It’s all part of a normal cycle for me: a few weeks ago, fresh back from the Aegean sunshine, my carefully curated backlog exhausted, I was writing my posts on the hoof and fretting constantly over what to do when inspiration did not come to call. Today, I sit with a pile of essays in front of me, wondering if I should start to publish every day in order to get rid of them.
I won’t, of course, because I know that the days of nothing to report are just around the corner. It is, as I say, just part of the normal ebb and flow for me: sometimes I can write this hodgepodge in abundance – it just oozes out of me – whilst on others I can spend an evening staring at a semi-colon, trying to decide whether I can do without it. I am consistent only in my inconsistency. I think that the knowledge that there is ‘work’ in hand gives my head the latitude it needs to wander off in all the wrong directions. Torpor sets in and the cardigan comes out.
It is, for reasons I have not yet managed to identify, a quiet day on the building site behind me. All work appears to have halted and silence prevails. I swear I can hear birdsong. I am sure that if I were to half close my eyes, I would be able to see soldiers playing football in the mud and the puddles. I wonder, should the work actually stop today, how long would it take nature to reclaim the land: to subsume the proto-roads and infrastructures, to re-establish homes, not for humans, but for beasties of all types and sizes?

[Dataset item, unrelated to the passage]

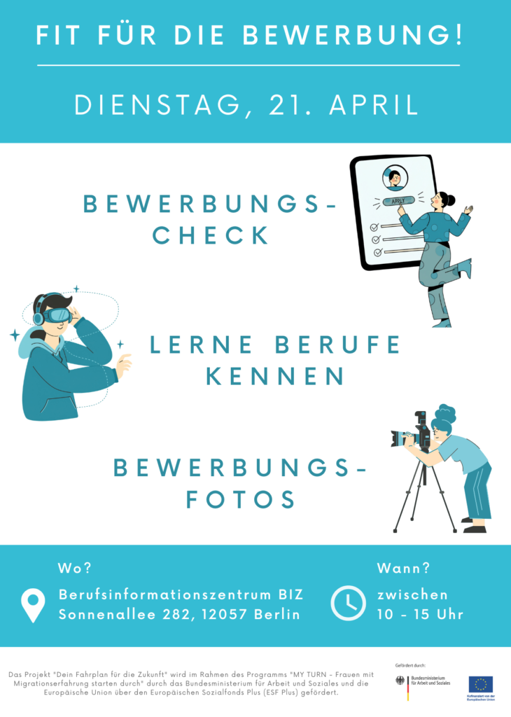 Das Projekt „Dein Fahrplan für die Zukunft“ wird im Rahmen des Programms „MY TURN – Frauen mit Migrationserfahrung starten durch” durch das Bundesministerium für Arbeit und Soziales und die Europäische Union über den Europäischen Sozialfonds Plus (ESF Plus) gefördert.

Idle speculation of course because, even now, I see herds of hi-viz approaching me from the left and a lorry (presumably a Brobdignagian tea-urn) disappearing to the right. A casual glance from the window finds me staring into the jaw of a giant digger.
Half a century, or more, ago I read a story in what well could have been ‘Amazing Tales’ or ‘Astounding Stories’ which, unusually, did not centre on the Aliens living, undetected, next door. It supposed that the Solar System was a molecule, each planet an atom, a tiny fragment of a reality that was infinitely bigger than our own – the Universe as a coffee table – and I can’t shake off the image of all the giant machinery around me as vast insects, themselves part of some huge colony, simultaneously building and pillaging.
At which point, doubt kicks in: do I mean pillaging? Wasn’t that a Viking thing alongside names like Bloodaxe and helmets with horns on? Always makes me wonder how primitive we English were back then that the Vikings could be regarded as civilising. We had plenty of Vikings around these parts and the influence still persists. I know that the suffix ‘by’ simply meant ‘village’ (hence Ingleby – the English village – and Normanby – the Norman village) and that Thorp(e) meant a village of lesser importance e.g. Thorpe-on-the-Hill, Thorpe-le-Fallows, Thorpe-near-the-Bus Stop and Thorpe-where-the-old-village-pub-is-now-an-Old Tyre Dump.
What I’m hoping, of course, is that they might dig up Viking remains behind me, a Viking village perhaps, fatefully named Colinby or Thorpe-on-the-Back Field, accompanied by pots of gold and enough ancient artefacts to keep Baldrick* happy for months – just long enough for a Preservation Order to be slapped on the whole shebang.
Fanciful? I guess so, but the thought has kept me occupied for a while – even if it does mean that another day has gone by with nothing for me to say…
*A hugely popular character from Rowan Atkinson’s ‘Blackadder’, played by Tony Robinson, who later hosted ‘Time Team’ in which all manner of things were dug up by a team of people with whom you would love to spend an evening in the pub, but probably, all things considered, would not want living next door.